Robert G. Canada

Terbium fluorescence studies of cisplatin binding to GH3/B6 pituitary tumor cells.

Terbium (Tb3+) fluorescence was used to investigate the interaction of cisplatin with GH3/B6 pituitary tumor cells. The binding of cisplatin to GH3/B6 cells quenched the fluorescence intensity of bound Tb3+. The IC50 for cisplatin inhibition of Tb3+-GH3/B6 fluorescence was determined to be 190 microM. Cisplatin was found to non-competitively inhibit the cellular binding of Tb3+, causing a dramatic decrease in the maximum number of high-affinity Tb3+ binding sites (by 33%), without markedly affecting their binding affinity. The half-life for the cellular binding of cisplatin was calculated to be 2.7 min. It was suggested that the plasma membrane of GH3/B6 cells contain a specific protein receptor for binding cisplatin.

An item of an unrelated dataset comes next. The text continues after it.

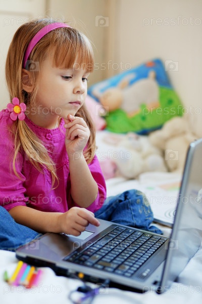 Маленькая милая девочка играет с ноутбуком у себя дома

Terbium luminescence studies of binding of adriamycin and cisplatin to tumorigenic cells

Abstract The luminescent properties of terbium ions are used to investigate the interaction of adriamycin and cisplatin with GH3/B6 pituitary tumor cells. Clinically relevant concentrations of adriamycin were found to quench the intensity (IC50 = 0.6 μM) and excited-state lifetime (τ/τ0 = 0.73) of the Tb3+—GH3/B6 complex. Inspection of the Tb3+—GH3/B6 emission spectrum and the visible absorption spectrum of adriamycin strongly strongly suggests that the quenching of Tb3+ luminescence by adriamycin is due to dipole-dipole resonant energy transfer; and, according to Forsters theory (R0 = 33.6 A), the adriamycin receptor site is located ca. 40 A away from the bound probe, at the lipid/protein interface. The quenching of Tb3+ luminescence by cisplatin is best explained by a static energy-exchange mechanism; in that the cisplatin receptor site is contiguous with the Tb3+ binding site at the outer surface of the membrane. The data suggest that, in the plasma membrane of tumorigenic cells, the adriamycin and ciplatin receptor sites are intimately associated with the same calcium-binding protein.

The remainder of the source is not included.